1

I have a file with content something like this:

SUBJECT COMPANY:    

    COMPANY DATA:   
        COMPANY CONFORMED NAME:         MISCELLANEOUS SUBJECT CORP
        CENTRAL INDEX KEY:          0000000000
        STANDARD INDUSTRIAL CLASSIFICATION:  []
        IRS NUMBER:             123456789
        STATE OF INCORPORATION:         DE
        FISCAL YEAR END:            1231

Then later in the file, it has something like this:

<REPORTING-OWNER>

COMPANY DATA:   
    COMPANY CONFORMED NAME:         MISCELLANEOUS OWNER CORP
    CENTRAL INDEX KEY:          0101010101
    STANDARD INDUSTRIAL CLASSIFICATION:  []

What I need to do is capture the company conformed name, central index key, IRS number, fiscal year end, or whatever I am looking to extract, but only in the subject company section--not the reporting owner section.

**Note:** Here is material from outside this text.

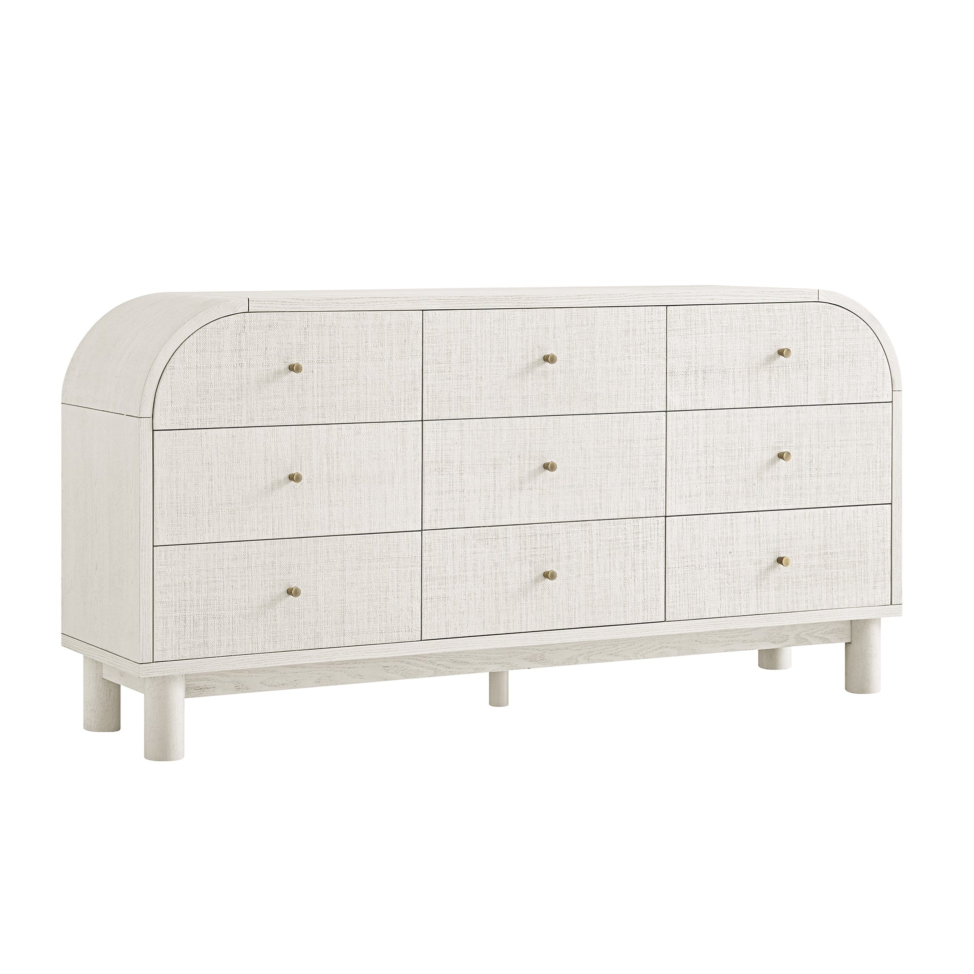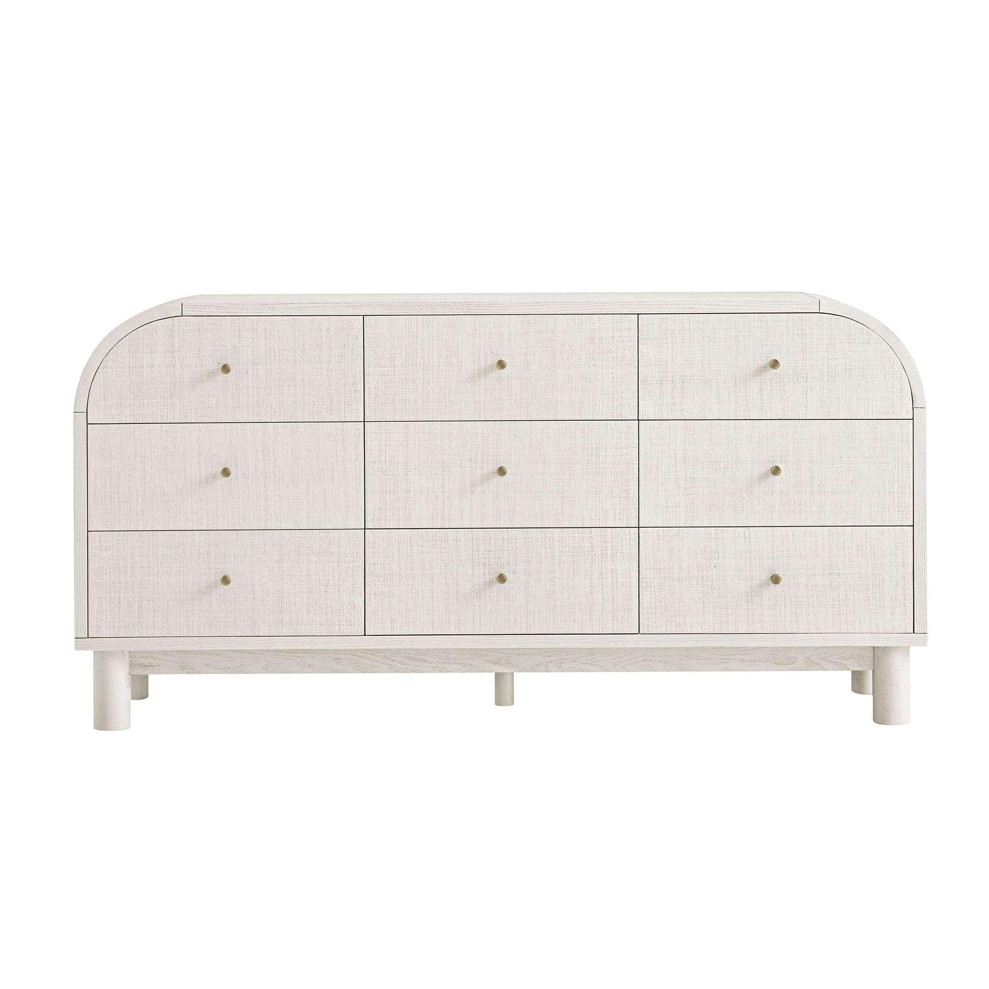 Maude 9 Drawer Chest, Washed White Ash with Raffia

These lines may be in any order, or not present, but I want to capture their values if they are present.

The regex I was trying to build looks like this:

(?:COMPANY CONFORMED NAME:\s*(?'conformed_name'(?!(?:A|AN|THE)\b)[A-Z\-\/\\=|&!#$(){}:;,@`. ]+)|CENTRAL INDEX KEY:\s*(?'cik'\d{10})|IRS NUMBER:\s*(?'IRS_number'\w{2}-?\w{7,8})|FISCAL YEAR END:\s*(?'fiscal_year_end'(?:0[1-9]|1[0-2])(?:0[1-9]|[1-2][0-9]|3[0-1])))

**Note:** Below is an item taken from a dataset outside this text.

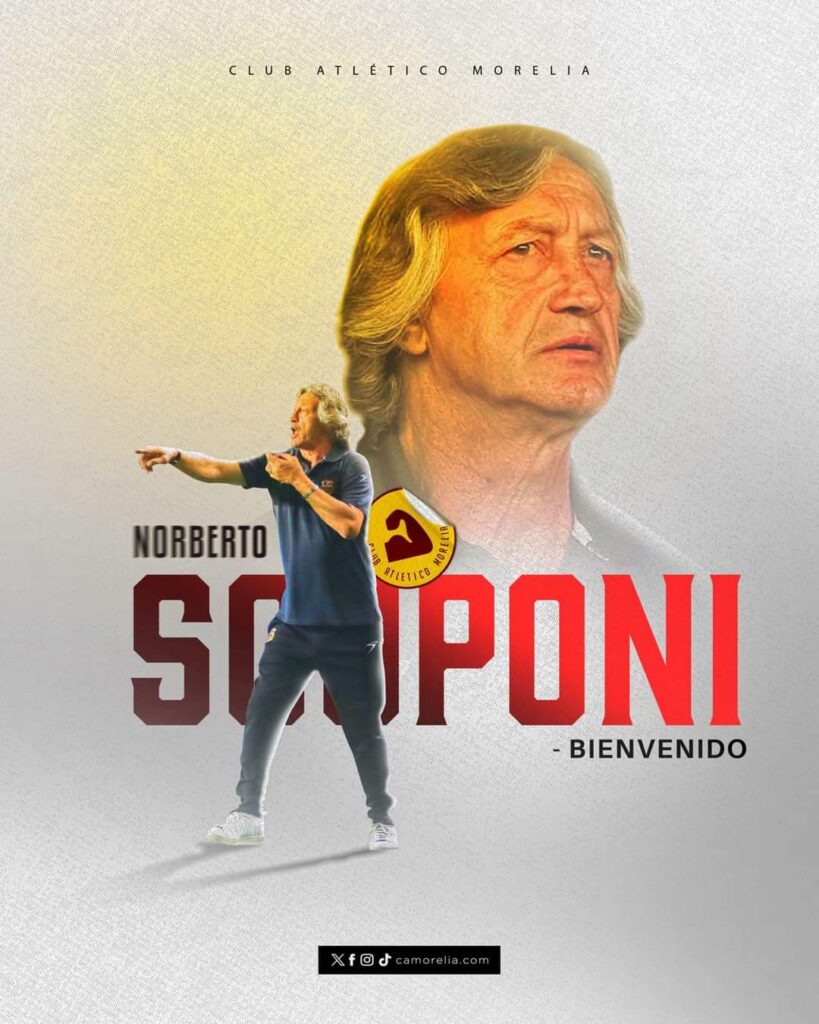 El argentino Hugo Norberto Scoponi fue nombrado como nuevo director técnico de Atlético Morelia por lo que resta del Clausura 2024, así lo dio a conocer la directiva de los canarios esta noche a través de un comunicado. El ex guardameta argentino será presentado oficialmente este viernes al medio día y será el próximo jueves cuando tenga su debut en el banquillo cuando Morelia reciba a Cimarrones.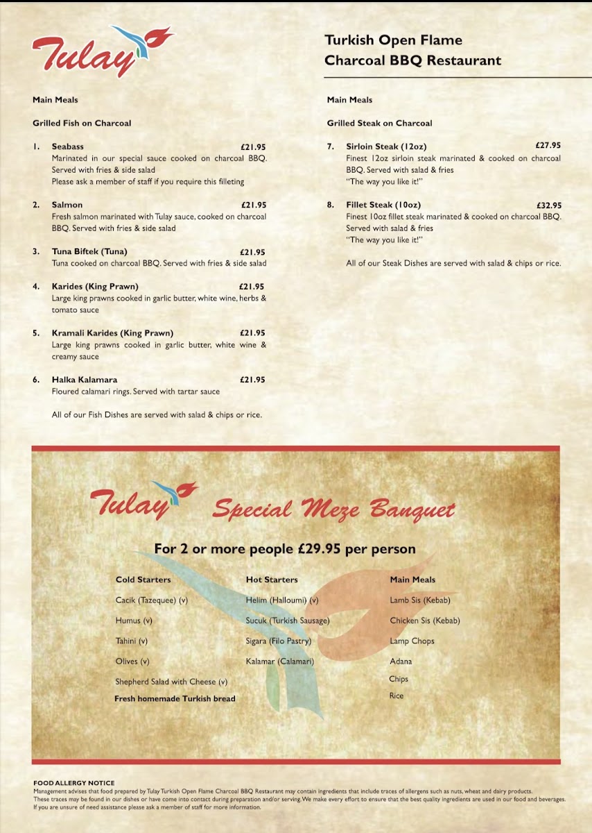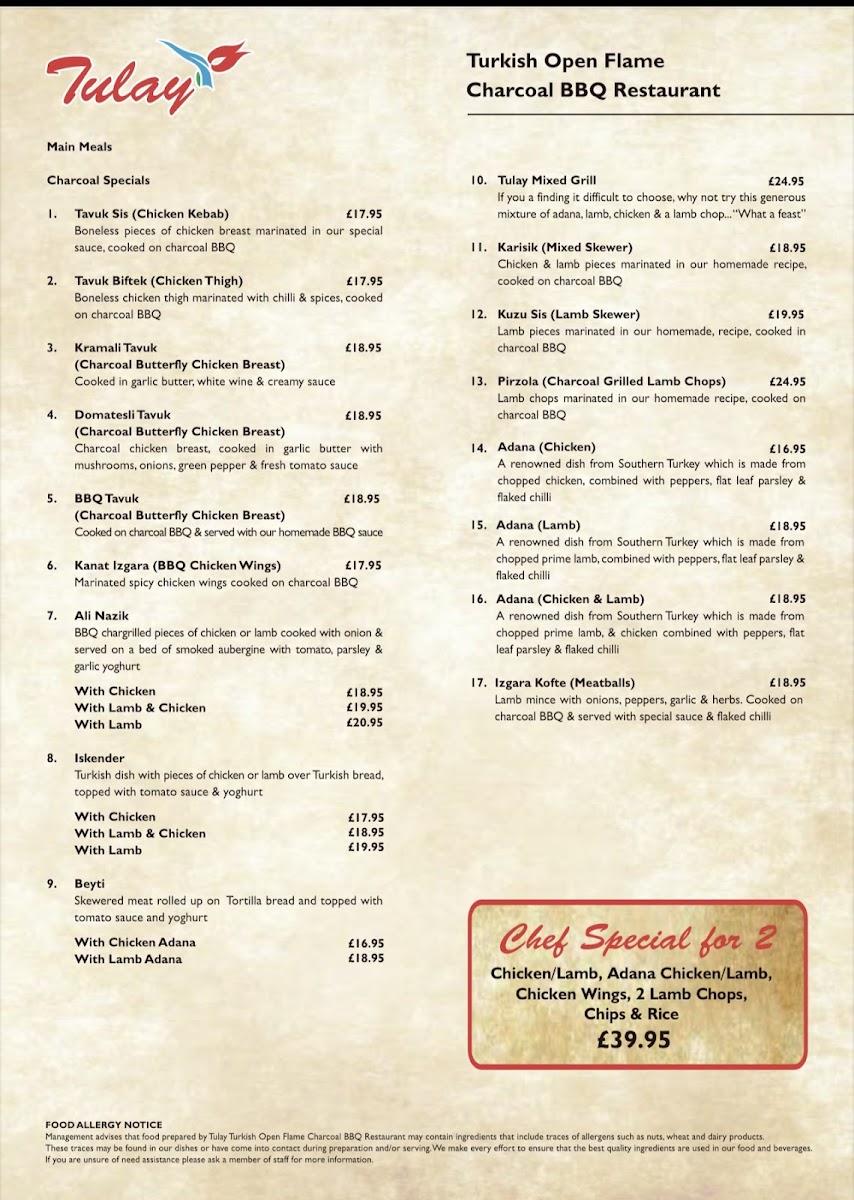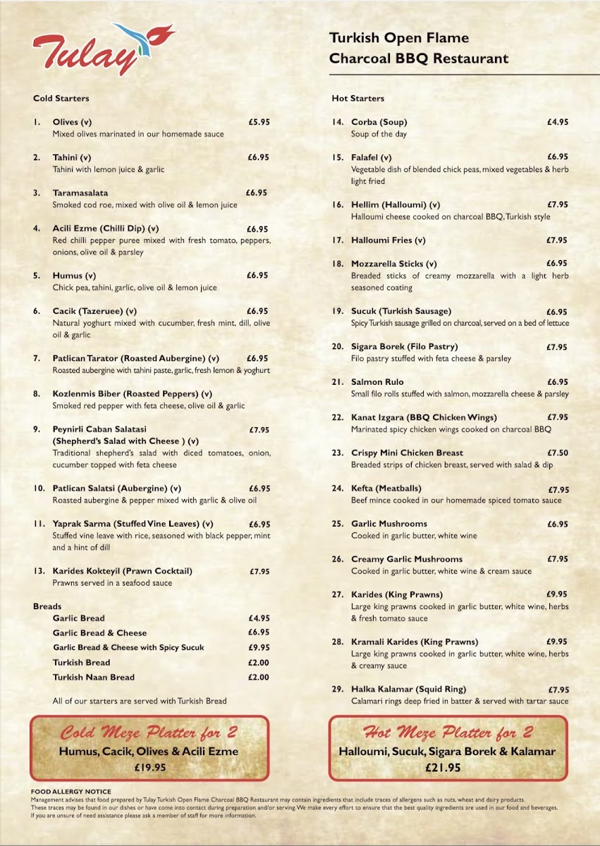 From a reviewer’s perspective, the menu at Tulay Turkish BBQ Restaurant & Bar offers a well-rounded and satisfying selection that highlights both traditional Turkish flavors and crowd-pleasing favorites. The sharing options like the Cold Meze Platter For 2 and Hot Meze Platter For 2, along with the indulgent Chef Special For 2 and Special Meze Banquet, make it ideal for groups looking to sample a variety of dishes. Starters such as Humus (V), Taramasalata, and Acili Ezme (V) provide a fresh and authentic beginning, while warm bites like Falafel (V), Halloumi Fries (V), and Mozzarella Sticks (V) add comforting variety. The charcoal grill section stands out with dishes like Tavuk Sis, Tavuk Biftek, and BBQ Tavuk, delivering smoky, well-seasoned meats, while house specialties such as Firinda Kuzu, Kuzu Guvec, and Karniyarik showcase rich, slow-cooked flavors. Vegetarians are well catered for with options like Sebze Guvec (V) and Musakka (V). Seafood lovers can enjoy Seabass, Salmon, or Karides, and steak enthusiasts have solid choices in Sirloin Steak and Fillet Steak. Complemented by sides like Cacik (V) and freshly baked Garlic Bread & Cheese, the menu feels complete and thoughtfully curated, even extending to a simple Kids Menu for families.

The desired results would be as follows:

conformed_name = "MISCELLANEOUS SUBJECT CORP"
CIK = "000000000"
IRS_number = "123456789"
fiscal_year_end = "1231"

Any flavor of regex is acceptable for this, as I'll adapt to whatever works best for the scenario. Thank you for reading about my quandary and for any guidance you can offer.

Matthew
  • 59
  • 6

2 Answers2

0

I ended up figuring it out on my own. Try it out here.

/SUBJECT COMPANY:\s+COMPANY DATA:(?:\s+(?:(?:COMPANY CONFORMED NAME:\s+(?'conformed_name'[^\n]+))|(?:CENTRAL INDEX KEY:\s+(?'CIK'\d{10}))|(?:STANDARD INDUSTRIAL CLASSIFICATION:\s+(?'assigned_SIC'[^\n]+))|(?:IRS NUMBER:\s+?(?'IRS_number'\w{2}-?\w{7,8}))|(?:STATE OF INCORPORATION:\s+(?'state_of_incorporation'\w{2}))|(?:FISCAL YEAR END:\s+(?'fiscal_year_end'(?:0[1-9]|1[0-2])(?:0[1-9]|[1-2][0-9]|3[0-1])))\n))+/s
Matthew
  • 59
  • 6
0

To match only the company section, and only when preceded by “SUBJECT COMPANY”, use a look behind:

(?<=SUBJECT COMPANY:\t\n     \n     )(?:COMPANY CONFORMED NAME:\s*(?'conformed_name'(?!(?:A|AN|THE)\b)[A-Z\-\/\\=|&!#$(){}:;,@`. ]+)|CENTRAL INDEX KEY:\s*(?'cik'\d{10})|IRS NUMBER:\s*(?'IRS_number'\w{2}-?\w{7,8})|FISCAL YEAR END:\s*(?'fiscal_year_end'(?:0[1-9]|1[0-2])(?:0[1-9]|[1-2][0-9]|3[0-1])))
Bohemian
  • 412,405
  • 93
  • 575
  • 722